I'm still thinking that I can get a whole lot more comfy but changing the wheels. But we'll see how it goes with the grey rubbers.. ( I dun believe I just said that! LOL) :blush2:


----------



## maximum7 (Apr 24, 2008)

Interesting...

Alot of peoeple find the C-24's some of the smoothest, most comfortable factory wheels out there. 

I know I do.


----------



## lactician (Oct 25, 2008)

My other wheelset are the Reynolds MV32UL. Tubulars. They can sure take a beating but they're more comfortable and stiffer too.


----------



## steve 3 (Dec 17, 2011)

I just added a 2012 695 to the stable... that the LBS had ....team colors.
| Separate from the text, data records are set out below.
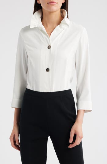 Modern polish defines this longline crepe de chine shirt designed with a romantic ruffled collar.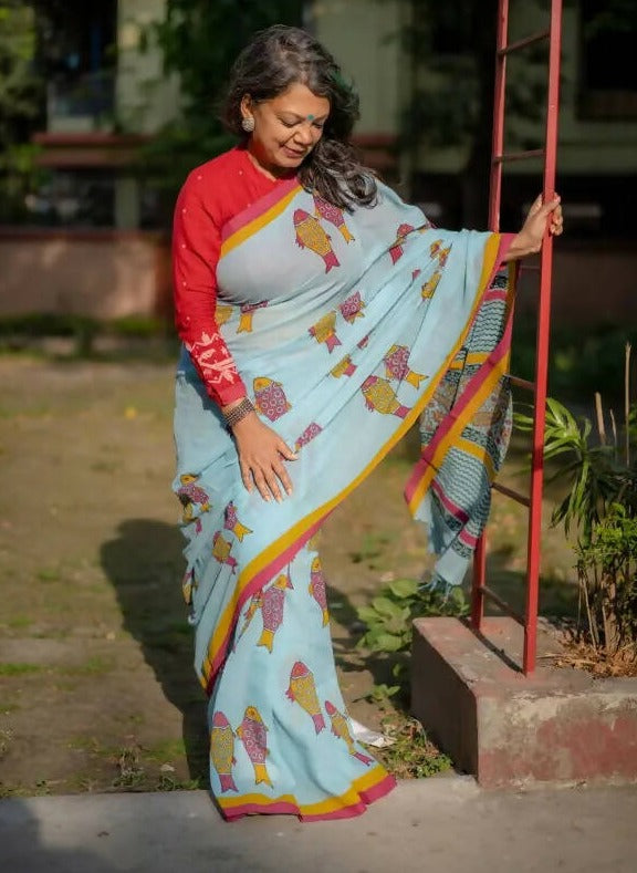Machhli Rani Blue Cotton Saree
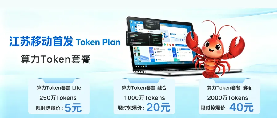 现在,江苏移动「龙虾AI Token套餐」购买通道已正式开启!5元起就能解锁高阶AI体验,告别Token焦虑,轻松拥抱智能新时代~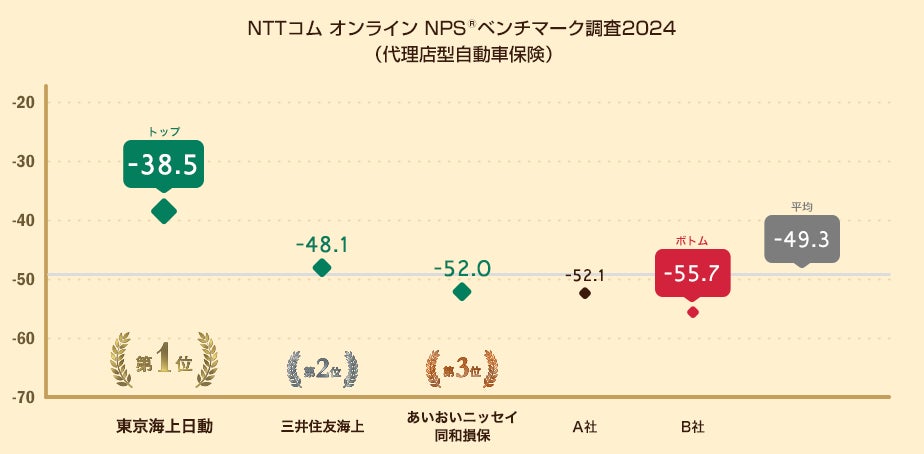 NTTコム オンライン、代理店型自動車保険業界を対象にしたNPS®ベンチマーク調査2024の結果を発表。NPSおすすめランキング1位は6年連続で東京海上日動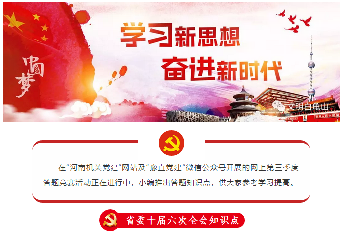 61.中国共产党河南省第十届委员会第六次全体会议暨省委工作会议,于2018年6月29至30日 在郑州召开。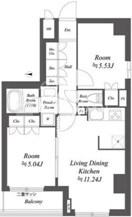 | 平米数 | 50.01m2 | 部屋詳細 | LDK11.24帖/洋室5.53帖/洋室5.04帖 |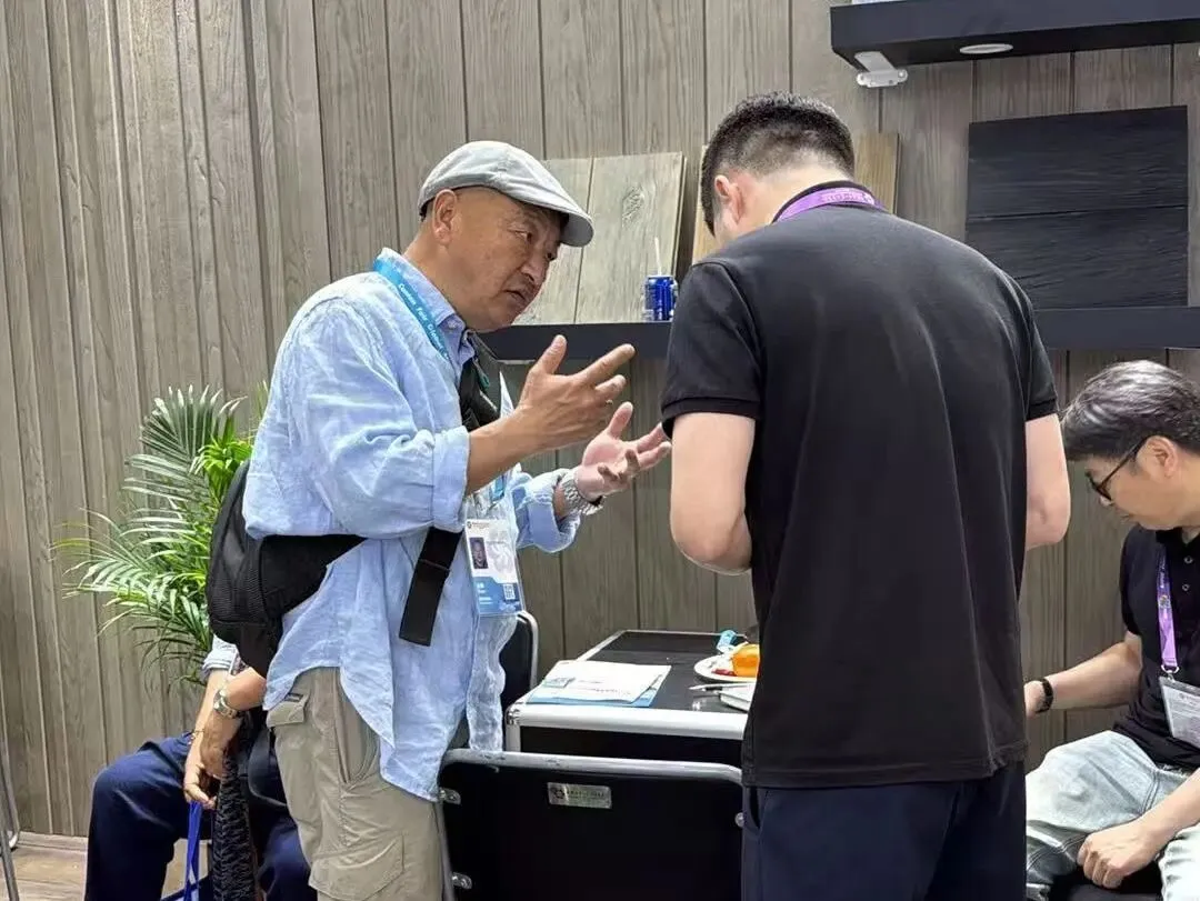也有初次到访的新朋友,在触摸过全新原料打造的板材、了解过严苛的品质把控后,当场表达了合作意愿。

It has fulcrum racing zeros...which are quite stiff. With the med elastomere insert I could ride this baby all day long


----------



## lactician (Oct 25, 2008)

steve 3 said:


> I just added a 2012 695 to the stable... that the LBS had ....team colors. It has fulcrum racing zeros...which are quite stiff. With the med elastomere insert I could ride this baby all day long


Cool! :thumbsup:
actually given the distance and time we spend on our bikes, the 695 is a very pleasant to ride all day long... the problem is, what you are going to feel 'all day long' the next day! 

Enjoy!


----------



## Chris Keller (May 19, 2008)

I have Campagnolo Shamal Ultras on my 695 SL (non SR) with tubeless Hutchinsons. I use the red elastomer and have no issues with comfort. The bike is amazingly stiff yet I have no problems riding all day. In fact, I recently did Ride the Rockies which "featured" nearly 30 miles of gravel/dirt/non-paved roads. I had no problems with comfort day after day for 440ish miles. I love my 695!! 
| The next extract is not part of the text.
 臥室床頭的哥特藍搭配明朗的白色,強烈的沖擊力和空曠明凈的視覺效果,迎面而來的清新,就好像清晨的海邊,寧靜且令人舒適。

Just lower your pressure a little. I'm a clydesdale but I only run 95-100psi with my tubeless tires. I could probably go lower for more comfort but this is a full on race bike! It is more comfortable than most other race bikes but you will never get the "full suspension mtn bike" type of comfort. 
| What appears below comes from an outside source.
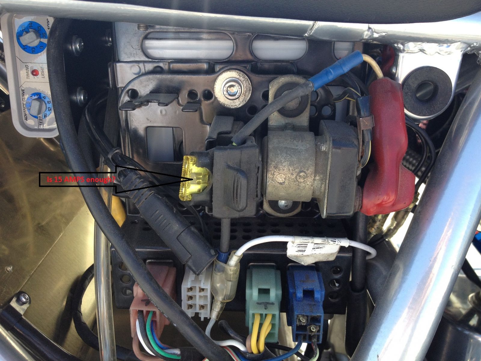 Thank you thank you. The 20 amp ting will make me sleep better. the fuse blew after the first hard pull on the throttle, so if it supposed to be twenty amps, there may have just been a little too much juice for the 15 amp.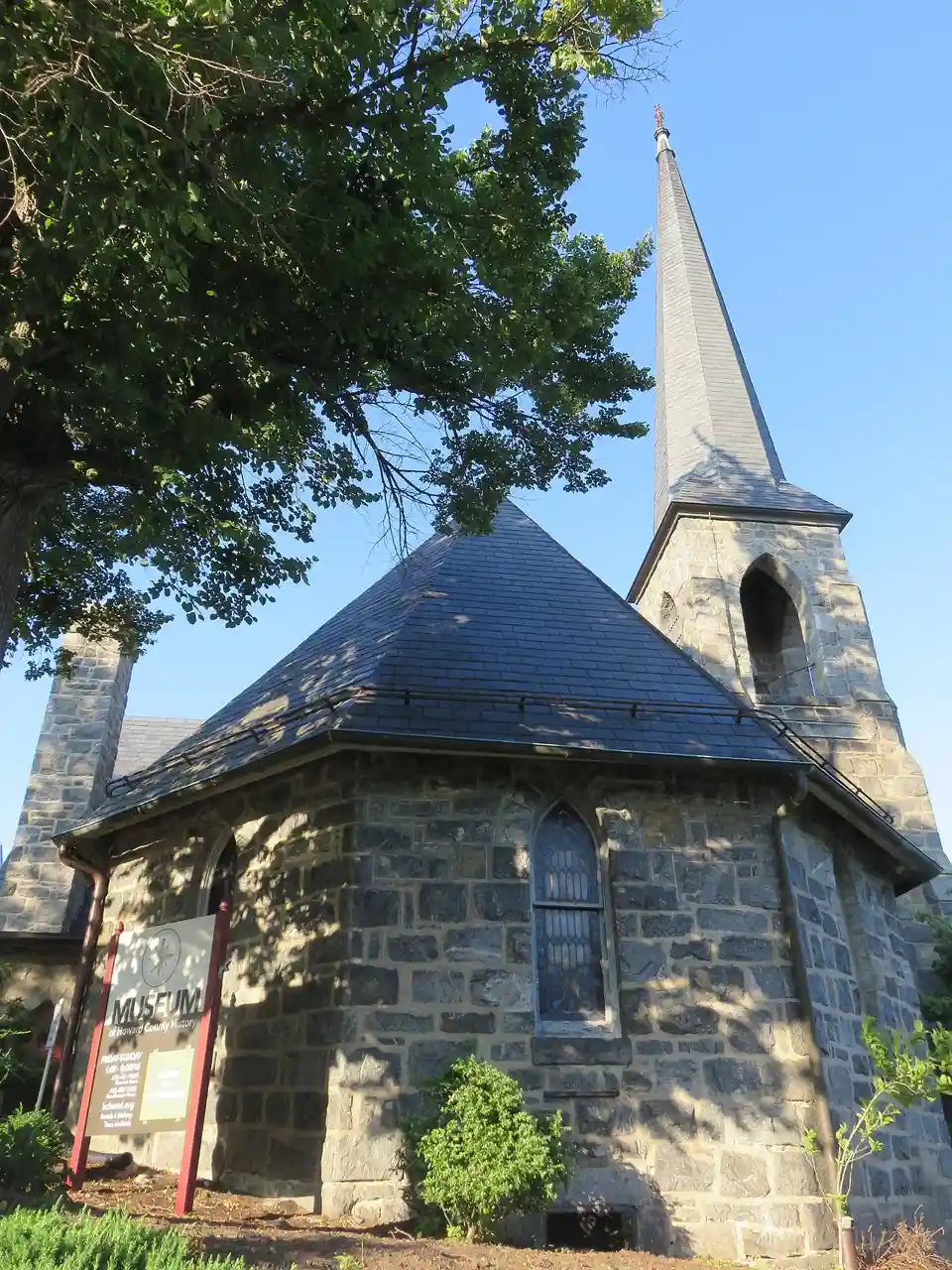 First Presbyterian Church is a historic church in Ellicott City, Howard County, Maryland adjacent to the Howard County Circuit Courthouse. The church is a cruciform-shaped structure made of granite stone construction. The building was expanded and rebuilt after a basement collapse during construction in April 1894. The congregation relocated in 1960. Mrs. James A. Clark, Sr. purchased the church and donated it to the Howard County Historic Society. Read more on Wikipedia

Definitely try the grey elastomer and make sure the e-post is properly torqued. If you have it too tight it may affect the absorbtion qualities of the elastomer, too loose and your e-post will nt sit properly and may move or rattle a little.


----------



## banker415 (May 13, 2008)

I agree with Chris, adjusting your PSI and the torque fix worked for me.


----------



## lactician (Oct 25, 2008)

*Thanks Guys...*

I realized it was my tires... I was running the continental gator skins, and these were very HARD... I've since changed to the GP4000s... And they're a lot more comfortable... 
And yes tire pressure plays a important role too...


----------



## Eijndt73 (Aug 21, 2012)

This is good info I love to read this, gives my even more energy to get my a Look 695 asap 

Thx eijndt


----------